It started not with a whimper but a bang. My first Xperia XZ2 unit had issues. So did a second. They were pre-production models, as many review units were, but I held off reviewing the phone until I knew I was using the same hardware and software that would ship to consumers.
I may not insist on that same handicap for other models, but the Xperia XZ2, like all Sony phones, needs a booster. They’re at an inherent disadvantage — one of Sony’s own making, mind you — because of lean distribution and, until recently, hardware limitations.
So when the Xperia XZ2 went on sale in April for $799, I knew I had to wait. The early adopters would pick it up anyway, but the masses, unsure what to do in a market awash in competitive devices, would likely sit. And wait.
Wait for the early bugs to be fixed. Wait for the inevitable price drop.
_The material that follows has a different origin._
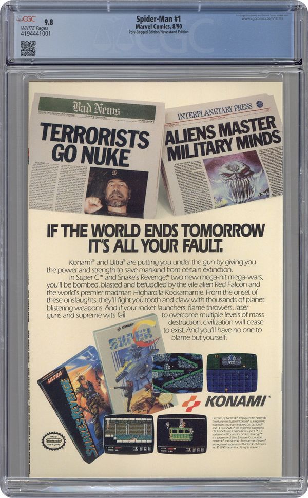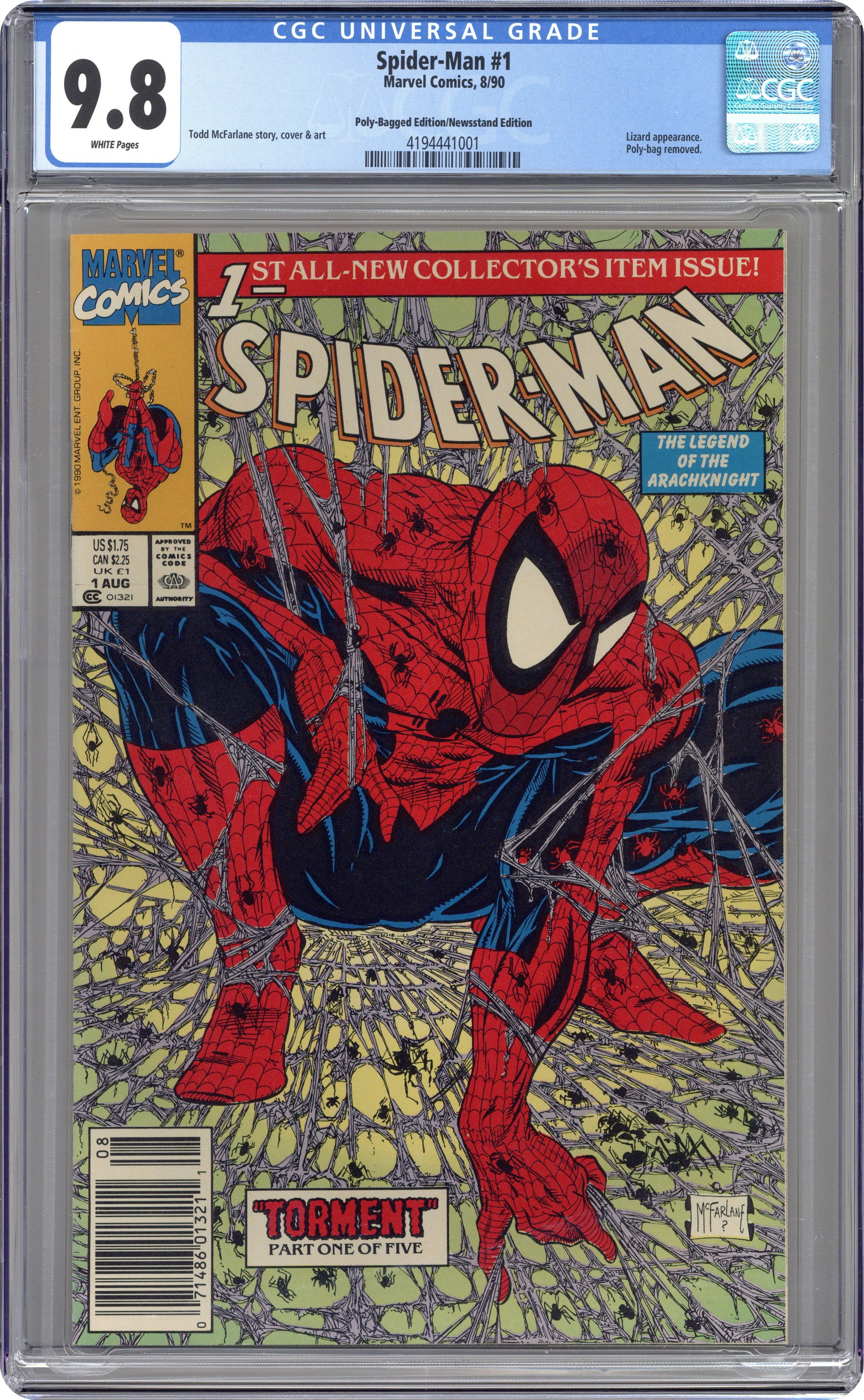 Unbagged Newsstand Edition. Torment: Part 1 of 5. Story, art and cover by Todd McFarlane. Fresh off his legendary run on Amazing Spider-Man, super-star artist Todd McFarlane is given the reigns to his very own Spidey title. Right out of the gate the wall-crawler will be challenged like never before as mysterious and ominous drums in the distance are driving the savage Lizard to cut a swath of death and destruction through the streets of New York City. Can Spider-Man discover the one responsible for this madness before his arch foe causes more damage? NOTE: Webbing on cover may be grey or purple. Cover price $1.75. Grade: CGC 9.8 explanation of grade Condition: Used (collectible)

And now, in mid-June, we have our first major price drop, to $699 USD, along with a couple important bug fixes. Do these things make the Xperia XZ2 worthy of your time? And does it stand out in a very crowded market?
Sony Xperia XZ2
Price: $699 on promotion ($799 MSRP)
Bottom line: Sony has made a beautiful phone that fails to stand out in a very crowded smartphone market. Even at $699 unlocked, it doesn’t offer great value.
- Excellent performance
- Sony’s software impresses
- Lovely design and solid all-glass construction
- Camera takes great photos, even in low light, and dedicated shutter button is so, so useful
- Sony’s Dynamic Vibration Engine is super cool
- Sony’s camera app feels slow and dated
- Lacks software niceties like face unlock and fingerprint gestures
- Phone is incredibly, disastrously slippery
- Not available at U.S. carriers & no Verizon/Sprint support
- It’s very thick and heavy
See at Amazon
Sony Xperia XZ2 What’s great
|Operating System||Android 8.0 Oreo|
|Display||5.7-inch LCD, 2160x1080Gorilla Glass 5 18:9 aspect ratio|
|Processor||Snapdragon 845 64-bitAdreno 630|
|Expandable||microSD up to 400GB|
|Rear Camera||19MP Exmor RS, hybrid AF960FPS FHD slow-mo, 4K HDR video|
|Front Camera||5MP f/2.2 23mm wide-angle|
|Connectivity||Wi-Fi 802.11ac, Bluetooth 5.0 + LE , NFC, USB 3.1, GPS|
|Charging||USB-CQuick Charge 3.0Qnovo Adaptive Charging Qi wireless charging|
|Sound||Stereo S-Force front speakers|
|Security||Rear fingerprint sensor|
|Dimensions||153 x 72 x 11.1mm|
|Network||1.2Gbps (Cat18 LTE)|
|Colors||Liquid Black, Liquid Silver, Deep Green, Ash Pink|
|Price||$699 (at publishing)|
The Xperia XZ2, like the smaller XZ2 Compact (which I love), feels much more modern and inviting than its Z, X, or XZ predecessors (my goodness Sony has made a lot of phones in the past few years). The gentle curvature of the glass somewhat obscures a fairly stout frame, but it lends the phone an organic warmth that I really enjoy looking at.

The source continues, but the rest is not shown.